En conséquence, ce serait une erreur d'offrir la poursuite d'études dans l'enseignement supérieur comme seul modèle de réussite aux élèves de lycée professionnel, comme c'est le cas pour leurs camarades des voies générale et technologique. L'égale dignité des filières doit certes être assurée mais pas au prix de l'uniformisation des formations au service d'un unique modèle de réussite.

Il faut donc préserver la capacité d'insertion professionnelle des diplômes au niveau IV et au niveau V lorsque c'est pertinent dans le secteur d'activité concerné.

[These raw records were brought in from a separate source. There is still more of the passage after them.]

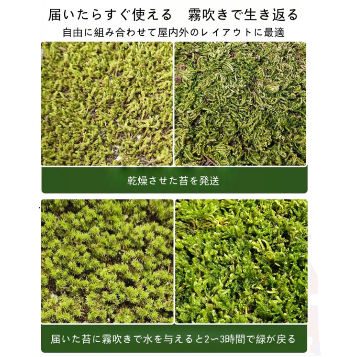 乾燥した状態で発送いたしますが、届いた苔に霧吹きで水を与えると数時間で生き生きとした緑を取り戻します。
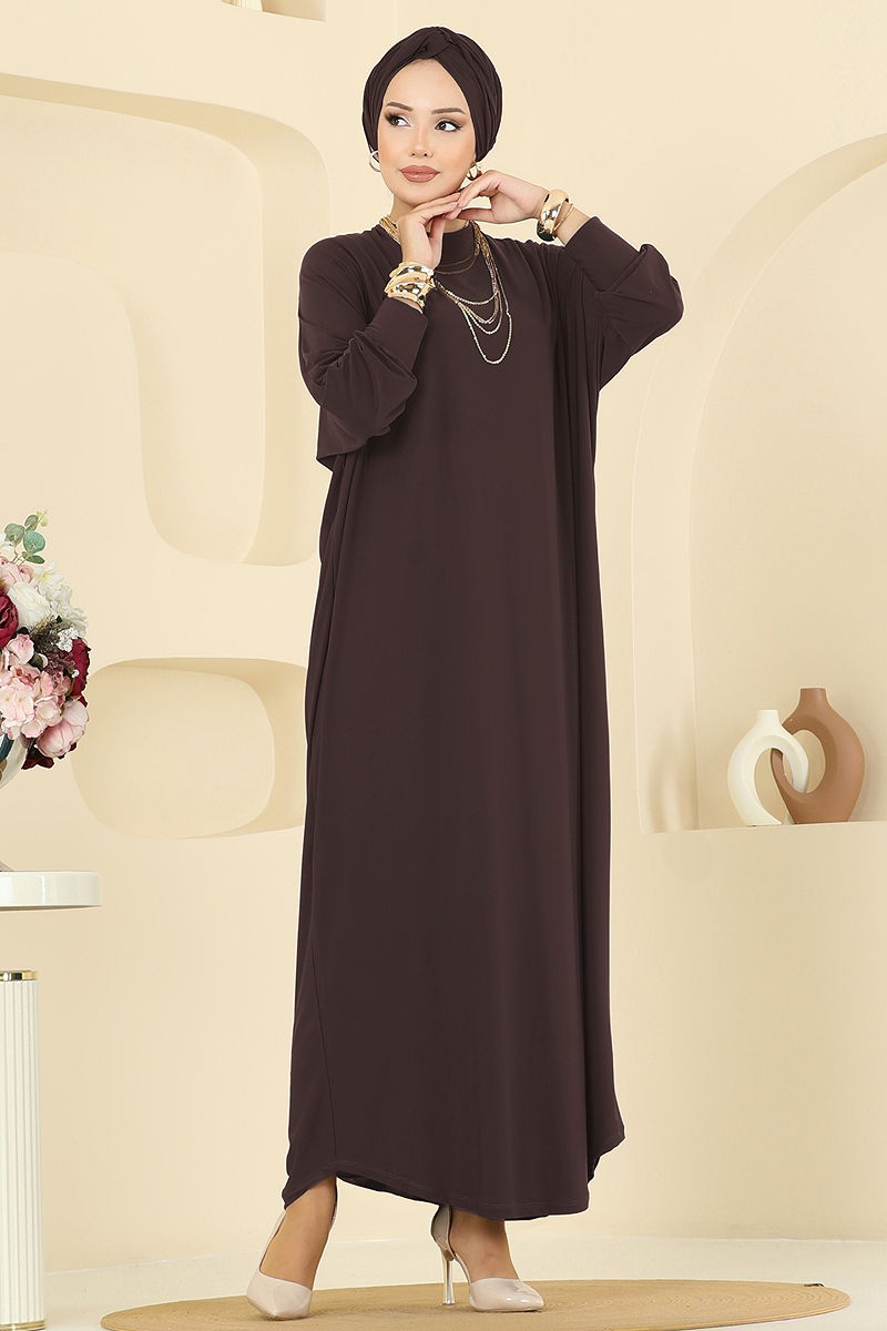 Yarasa Kol Detaylı Elbise 5011ERK1158 Acı Kahve
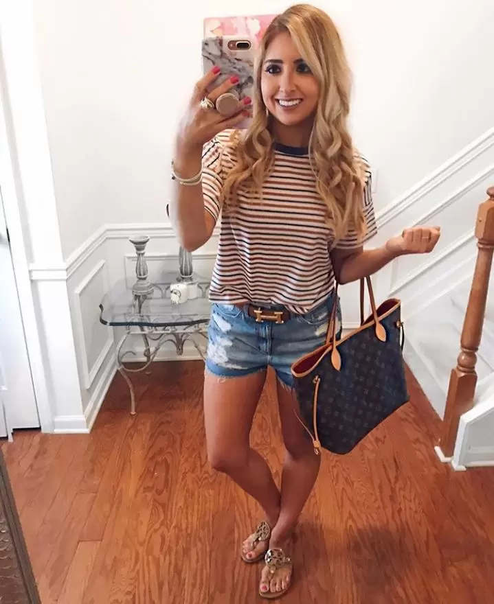 Stripes and shorts can also be a great back-to-school outfit for high school girls. The addition of a tote bag and some sandals seem to be doing the job here. You’ll love these 10 Ways to Wear Striped Shirts.
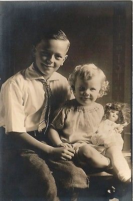 Antique Photo circa 1920 girl and boy with German bisque head doll
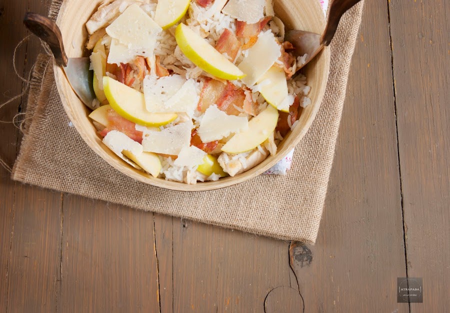 Preparamos la vinagreta, para ello mezclamos salsa de soja con un chorreón de vinagre de jerez y con aceite de oliva virgen extra, añadimos sal. Reservamos. Cuando el arroz esté cocido escurrimos el agua en un colador y dejamos que se enfrié un poco. Montamos la ensalada en una fuente de servir donde pondremos primero el arroz, después añadiremos el pollo en tiras y el bacon también cortado en tiras o cuadraditos, lavamos la manzana y cortamos, sin pelar, y también añadimos a la ensalada, terminamos con las las lascas de queso y regamos con la vinagreta todo y servimos.
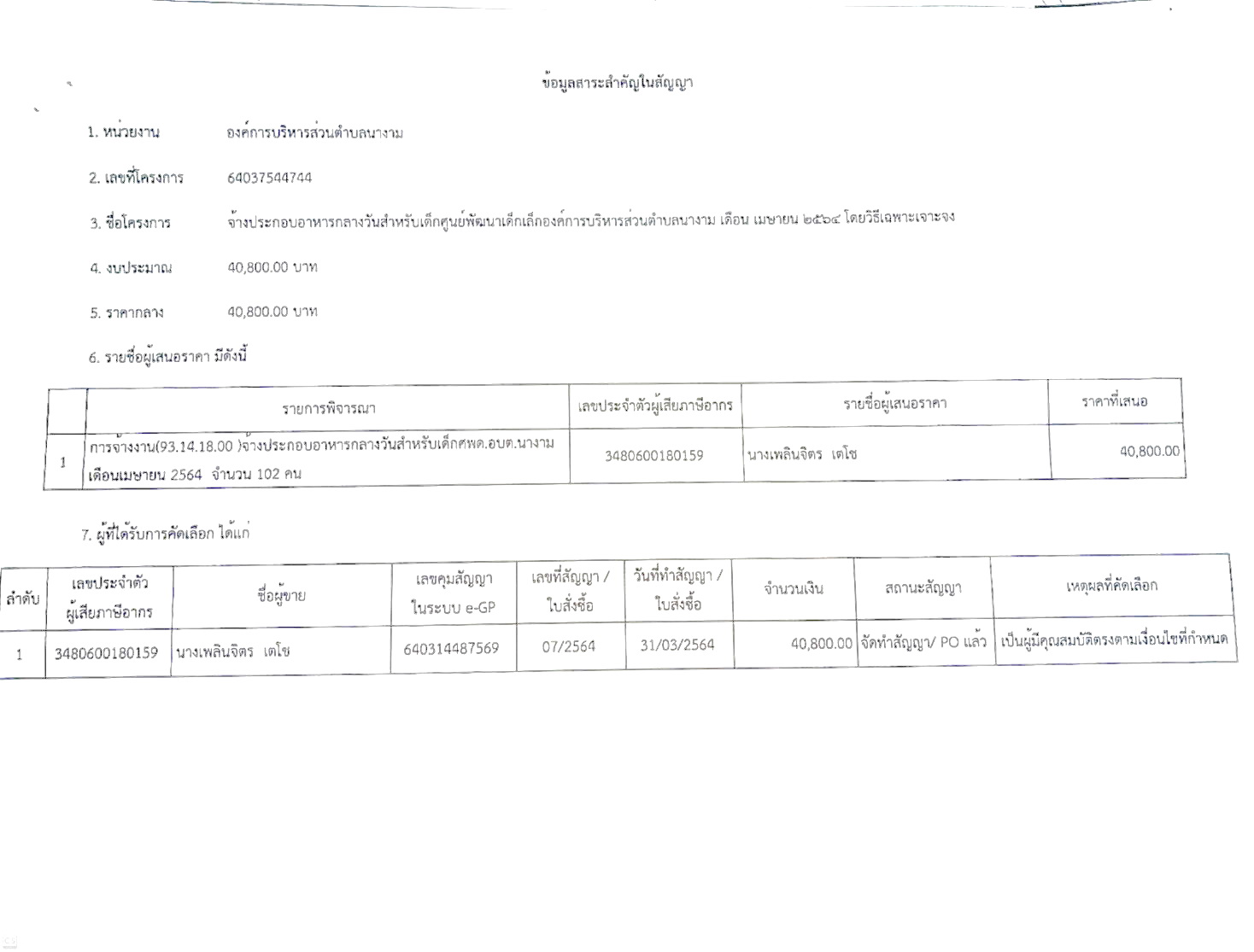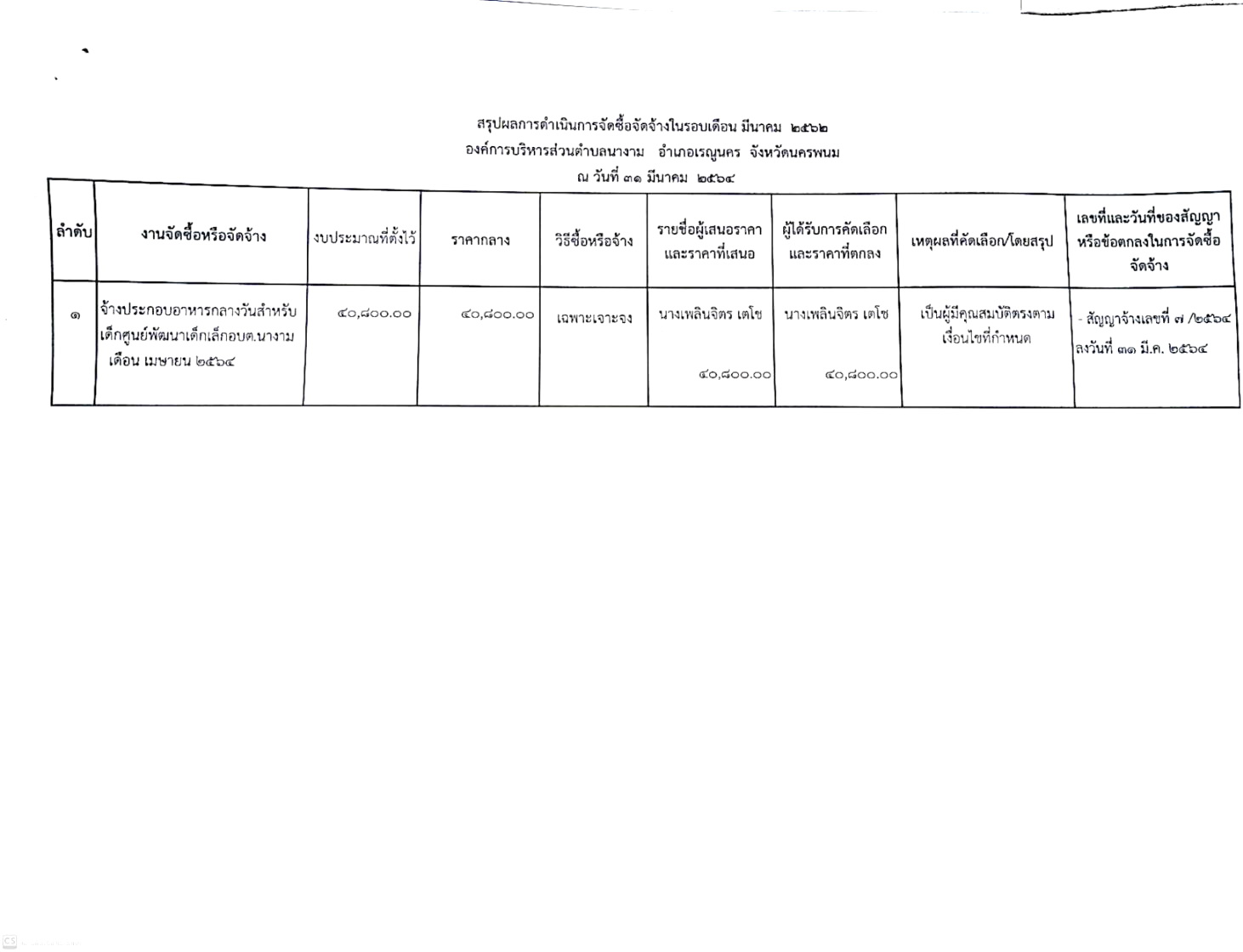 ชื่อเรื่อง : สรุปผลการดำเนินการจัดซื้อจัดจ้างศูนย์พัฒนาเด็กเล็กองค์การบริหารส่วนตำบลนางามเดือน มีนาคม 2564
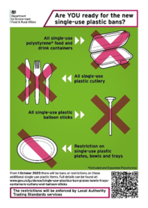 From 1 October 2023 there will be additional bans and restrictions on single-use plastic items.
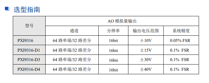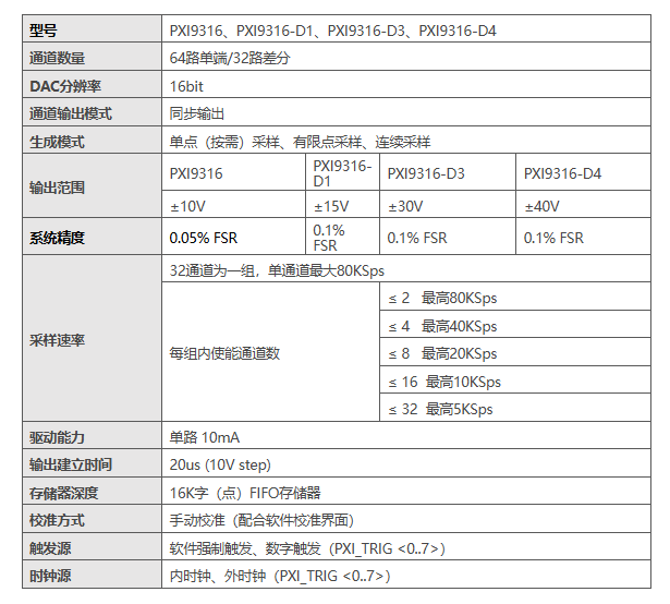 PXI9316系列是基于PXI總線的高密度模擬量輸出卡。該板卡提供64路單端/32路差分模擬量輸出通道,16bit的DAC分辨率可實(shí)現(xiàn)高精度的模擬量信號輸出,支持±10V、±15V、±30V、±
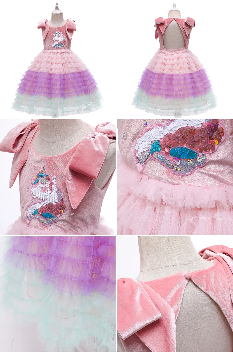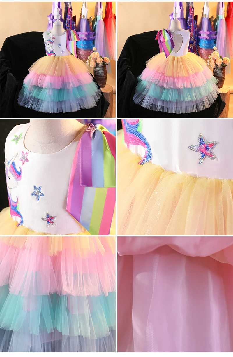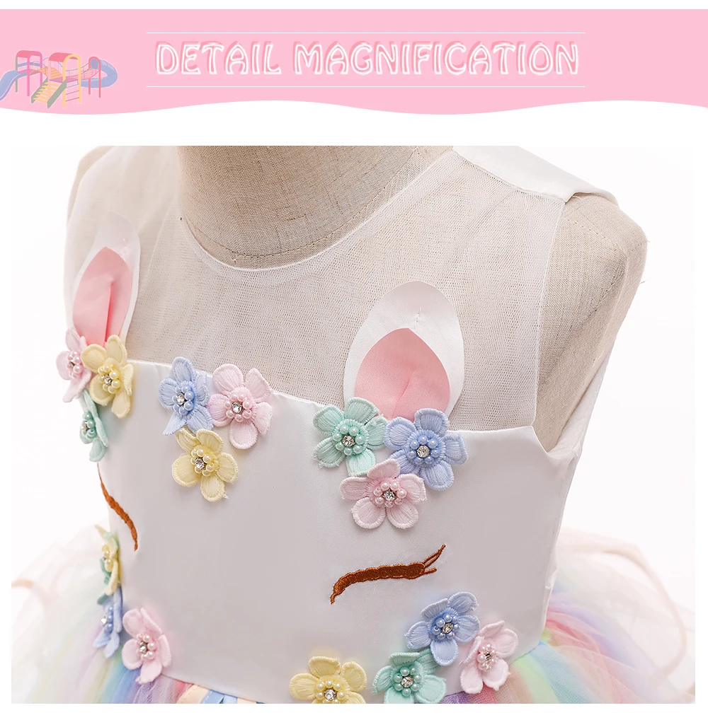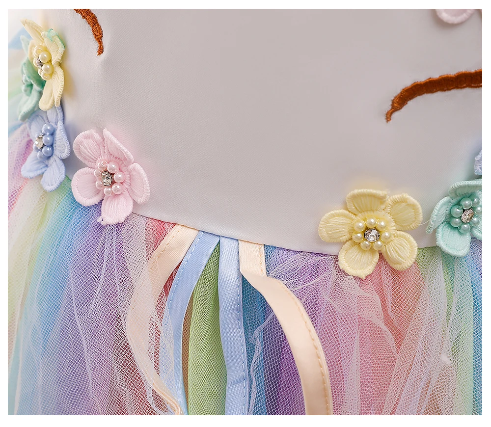 Платье для девочек на свадьбу, разноцветное Сетчатое платье в цветочек, подарок на день рождения, платье принцессы с единорогом, праздничное платье для выступления
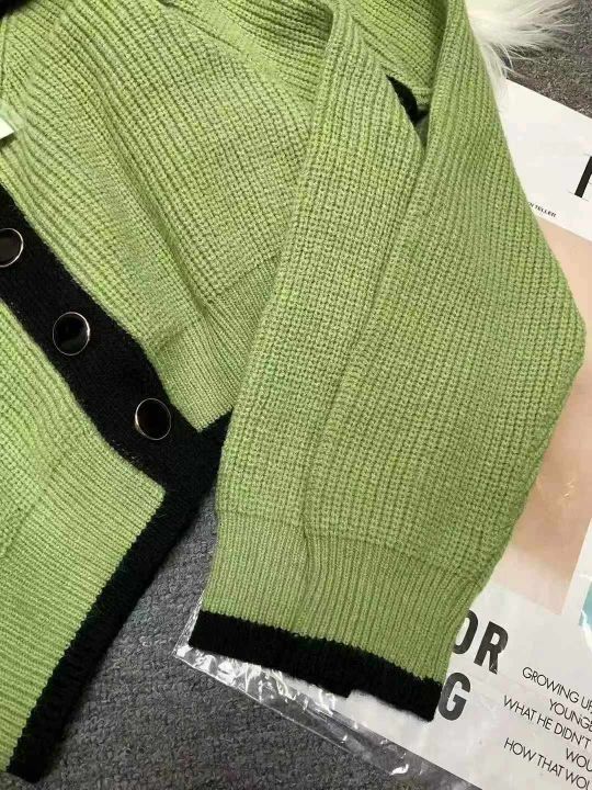 品牌原单宽松慵懒风短款小香风设计感撞色拼接粗针毛衣开衫,独立包装带吊牌,均码面料软糯厚实,365件,全清7.9元超低价秒杀!分货加一!
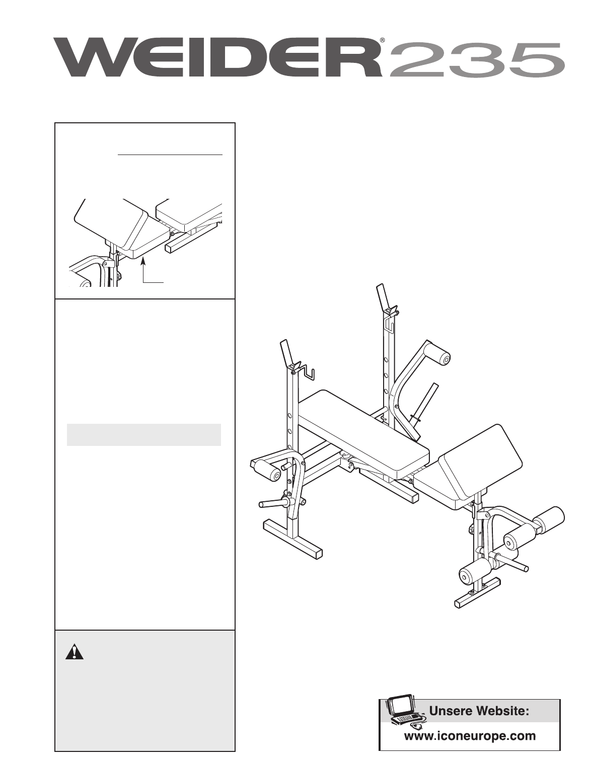 BEVOR SIE ANFANGEN Zunächst recht herzlichen Dank, dass Sie sich für die WEIDER® 235 Hantelbank entschieden haben. Die vielfältige Hantelbank WEIDER® 235 ist so konzipiert, dass Sie sie mit Ihren eigenen Hanteln (nicht beinhaltet) benutzen können, um jede Hauptmuskelgruppe in Ihrem Körper zu entwickeln.
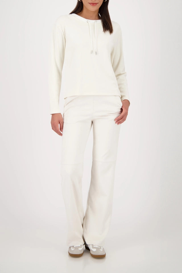 This sweatshirt combines softness and comfort with a stretchy modal blend fabric. Featuring a round neckline and slightly dropped shoulders, it offers a relaxed fit with long sleeves. The drawstring adds adjustable detail, complemented by a subtle jewellery accent for a refined touch. Designed for ease and style, it suits everyday wear while maintaining a sophisticated look. The model is 1.76 m tall, wearing size 36; size 38 measures 60 cm in length.
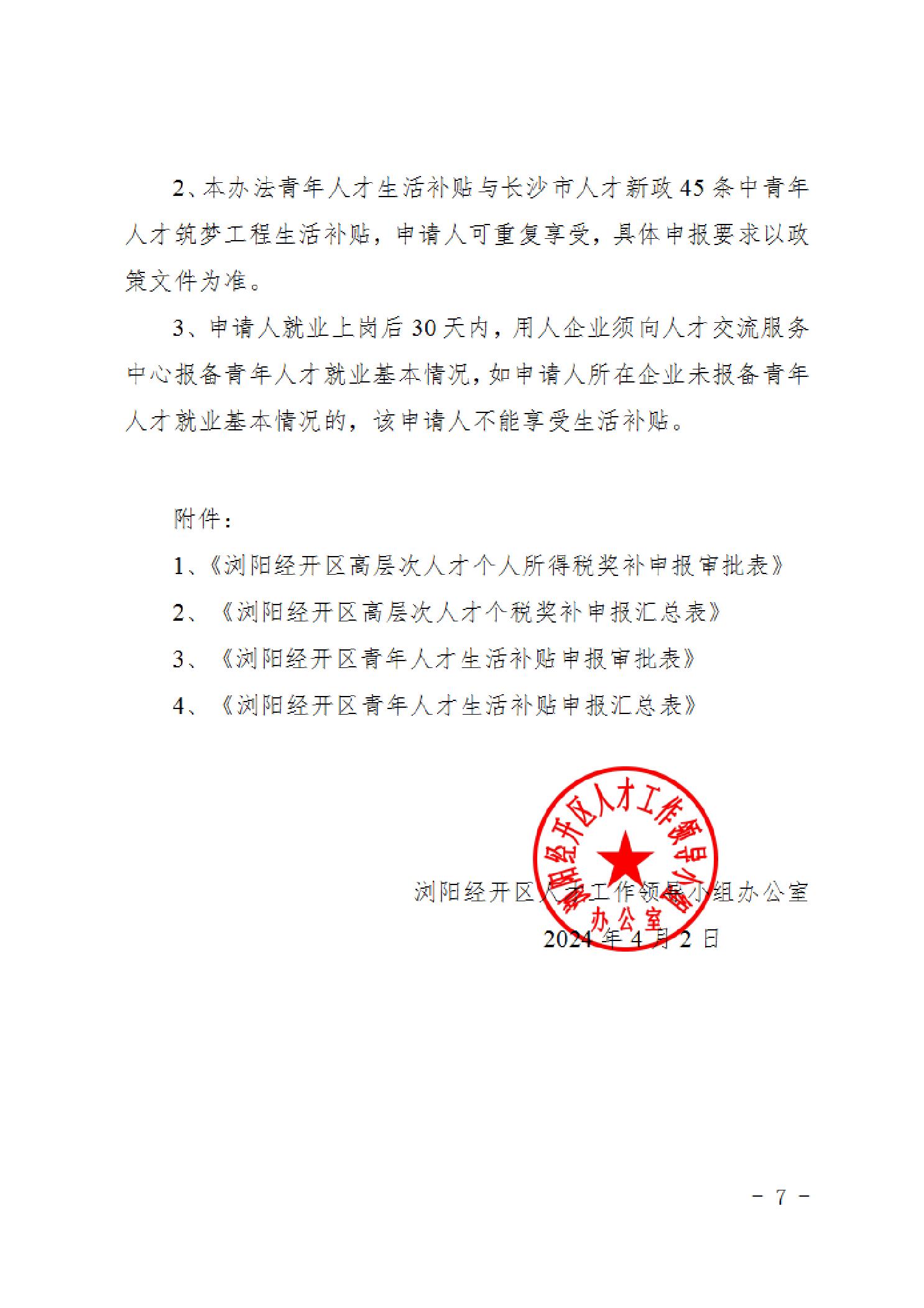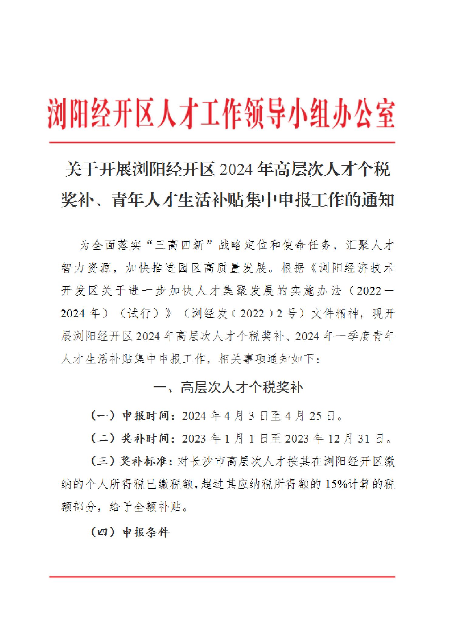 关于开展浏阳经开区2024年高层次人才个税奖补、青年人才生活补贴集中申报工作的通知
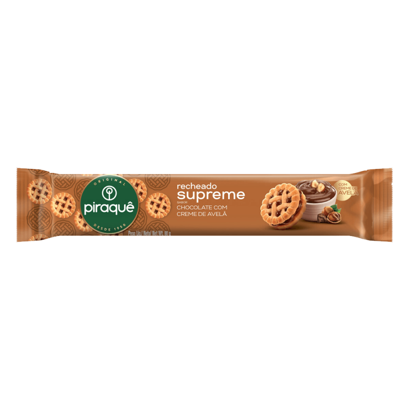 Biscoito Piraque 80g Chocolate com creme de avelã Supreme recheado
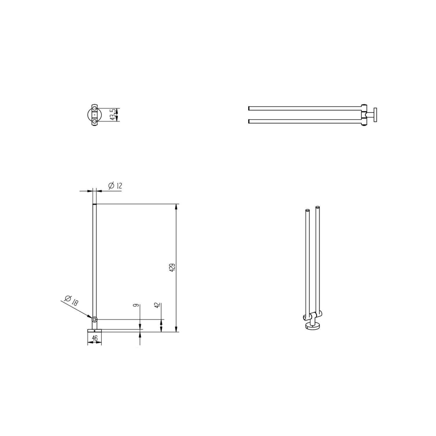 De London handdoekhouder van het merk Schutte is gemaakt van roestvrij staal en heeft een chromen afwerking. De handdoekhouder heeft twee stangen van 43cm lang waarop u twee handdoeken kunt hangen. De twee stangen hebben een diameter van 12 cm.
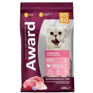 Award Cat Sterilized для взрослых стерилизованных кошек (Индейка, курица)

Concrètement, le renforcement des formations généralistes au lycée professionnel dans l'espoir de faire accéder les meilleurs au BTS ne doit pas remettre en cause la capacité des jeunes bacheliers d'accéder à l'emploi. Si nous ne parvenions pas à garantir à la fois la dignité et la particularité de l'enseignement professionnel , nous perpétuerions implicitement la dévalorisation des savoirs techniques et de l'exercice d'un métier, ce qui se traduirait par une baisse de la qualification professionnelle des jeunes et du coup de leur capacité à trouver un emploi.

Ce ne serait pas le moindre paradoxe de la réforme en cours qu'elle participe symboliquement et pratiquement à une dévalorisation du baccalauréat professionnel tout en visant à accroître le nombre de bacheliers et à rehausser le statut de la filière.

Le lien noué dans l'esprit des familles et des élèves entre le bac professionnel et la poursuite en BTS conduira certainement à une forte poussée de demandes d'admission en STS à partir de 2013, alors que les flux actuels de bacheliers professionnels sont encore faibles. Or, pour réussir dans l'enseignement supérieur, les bacheliers professionnels souffrent d'un net désavantage par rapport à leurs camarades d'autres filières car leurs acquis sont nettement plus fragiles dans les matières scolaires, en langues vivantes notamment mais aussi en mathématiques.

C'est pourquoi les taux de réussite des bacheliers professionnels en BTS sont aujourd'hui beaucoup plus faibles que ceux des bacheliers généraux ou technologiques. En 2010, 30 667 bacheliers professionnels se trouvaient en BTS, seuls 15 721 ont été admis, soit 51,3 % de réussite. En comparaison, le taux de réussite en BTS des bacheliers généraux est de 81,6 %, avec un pic à 82,8 % pour les titulaires d'un bac S, et celui des bacheliers technologiques est de 71,7 % avec un pic à 79,8 % pour la filière STI. 33 ( * )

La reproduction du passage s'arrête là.